■ WHAT YOU WILL DO:
Repeat only these lines, exactly: the first line of the data, the line containing "- 机身预置三星S3650C", and every line between them. Pictures stay out.

■ SUPPLIED RECORDS:
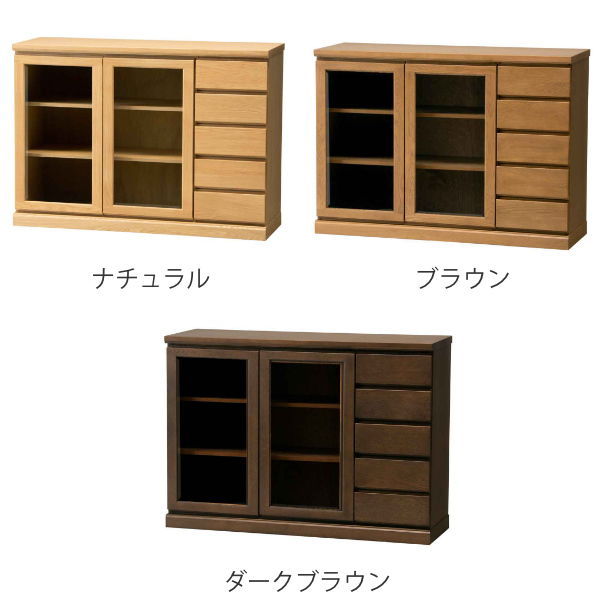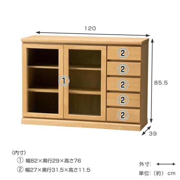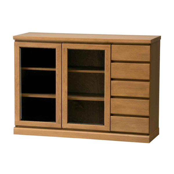 サイドボード 両開き ガラス扉 引出し5段 天然木 FIGARO 幅120cm ( 開梱設置 収納棚 窓下 キッチン キッチンカウンター 木製 日本製 完成品 収納 キッチン収納 引出し収納 リビング収納 オーク 国産 おしゃれ )
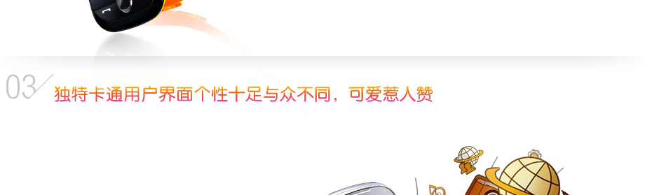 - 机身预置三星S3650C特有卡通界面,独特卡通主题,手绘式图标以及动画效果,绝对让你成为周围人的焦点,秀个性,添趣味。
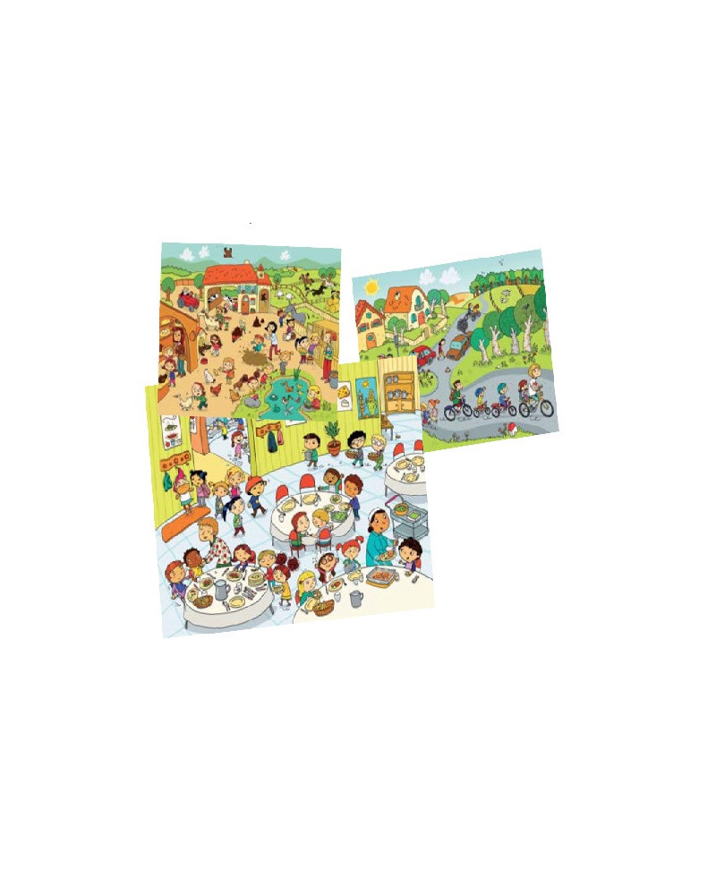Ogni illustrazione propone una situazione in cui vengono rappresentati più di 20 comportamenti e azioni differenti. Osservando i personaggi e le loro azioni, il bambino riesce progressivamente a sviluppare il suo senso critico e a riflettere su come “vivere insieme”. A scuola: nel cortile della scuola - in classe - alla mensa scolastica - in palestra - in piscina. In famiglia: nella camera dei bambini - compleanno - passeggiata con la famiglia in bicicletta. In società: viaggio in pullman - allo zoo - nella fattoria -visita della fortezza. Contenuto: 13 poster 52 x 40 cm. e 1 guida didattica su CD. Da 4+ anni.
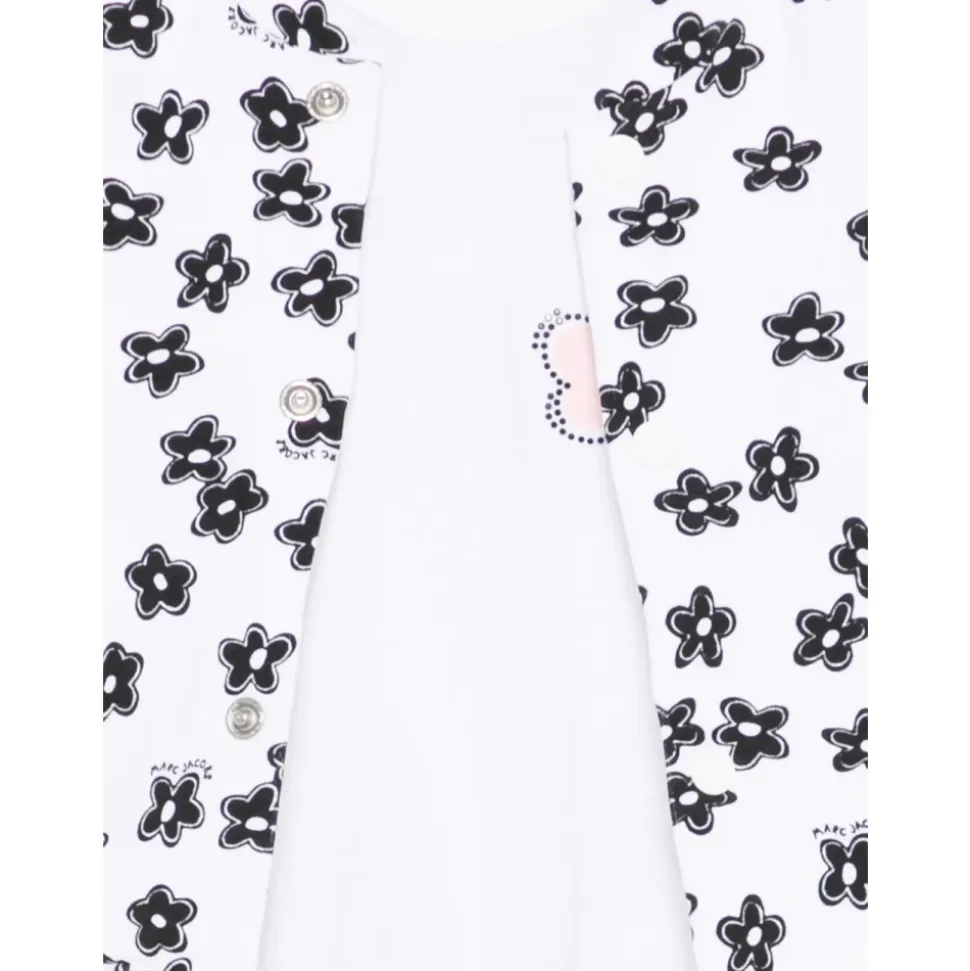 Marc Jacobs langærmet jakke, T-shirt og leggings sæt kombinerer en jakke med mandarin-krave med en grafisk T-shirt og leggings med elastik i taljen for et koordineret hverdagslook. Vigtigste egenskaber: Hvid | Sort | Pink | Bomuld | Logo trykknaplukning på jakken | Trykknaplukning bagpå T-shirten | Elastik i taljen på leggings | Langærmet jakke | Mandarin-krave | All-over sort blomsterprint på jakken | Kortærmet T-shirt med pink blomst og glitterdetalje | Lange leggings | Sammensætning og pleje: 100% bomuld
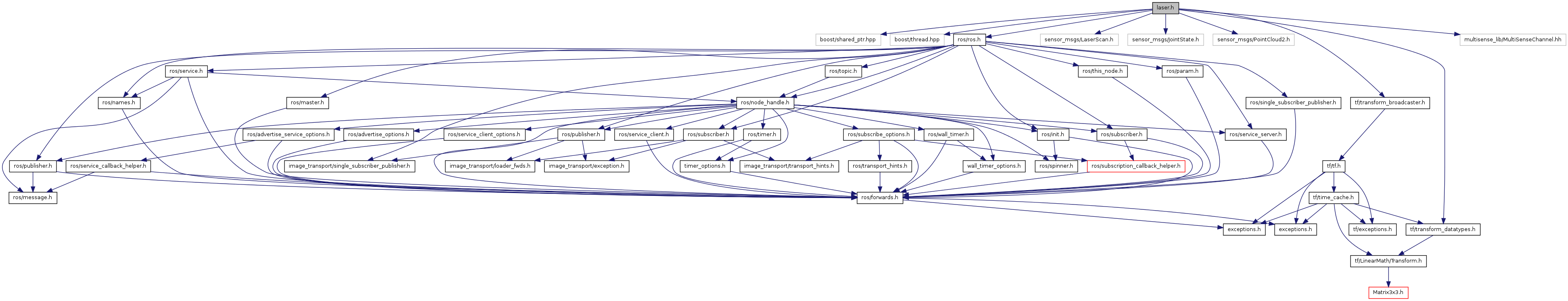 #include <boost/shared_ptr.hpp>#include <boost/thread.hpp>#include <ros/ros.h>#include <sensor_msgs/LaserScan.h>#include <sensor_msgs/JointState.h>#include <sensor_msgs/PointCloud2.h>#include <tf/transform_datatypes.h>#include <tf/transform_broadcaster.h>#include <multisense_lib/MultiSenseChannel.hh>
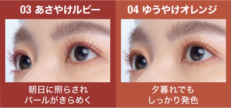 朝日と夕日に染まった空の色をイメージして作られた色味が魅力。朝日に照らされてパールがきらめくような「03 あさやけルビー」と、夕暮れの日差しの中でもしっかり発色する「04 ゆうやけオレンジ」は、儚げなのにしっかり主張するつよカワイイまつ毛を演出します。
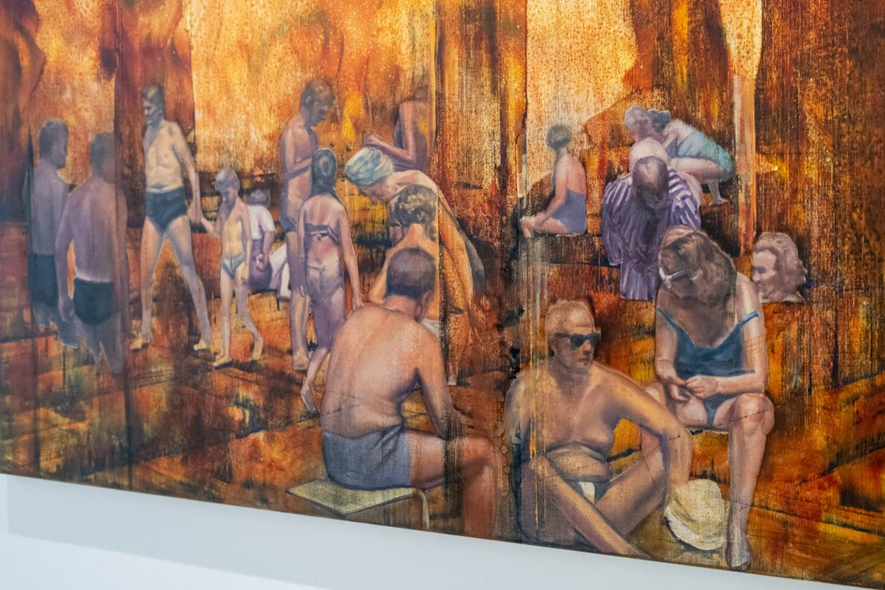 A képeken az emberi arcok és testek beleolvadnak a mű valóságába

■ ANSWER FOR THIS EXERCISE:
 サイドボード 両開き ガラス扉 引出し5段 天然木 FIGARO 幅120cm ( 開梱設置 収納棚 窓下 キッチン キッチンカウンター 木製 日本製 完成品 収納 キッチン収納 引出し収納 リビング収納 オーク 国産 おしゃれ )
 - 机身预置三星S3650C特有卡通界面,独特卡通主题,手绘式图标以及动画效果,绝对让你成为周围人的焦点,秀个性,添趣味。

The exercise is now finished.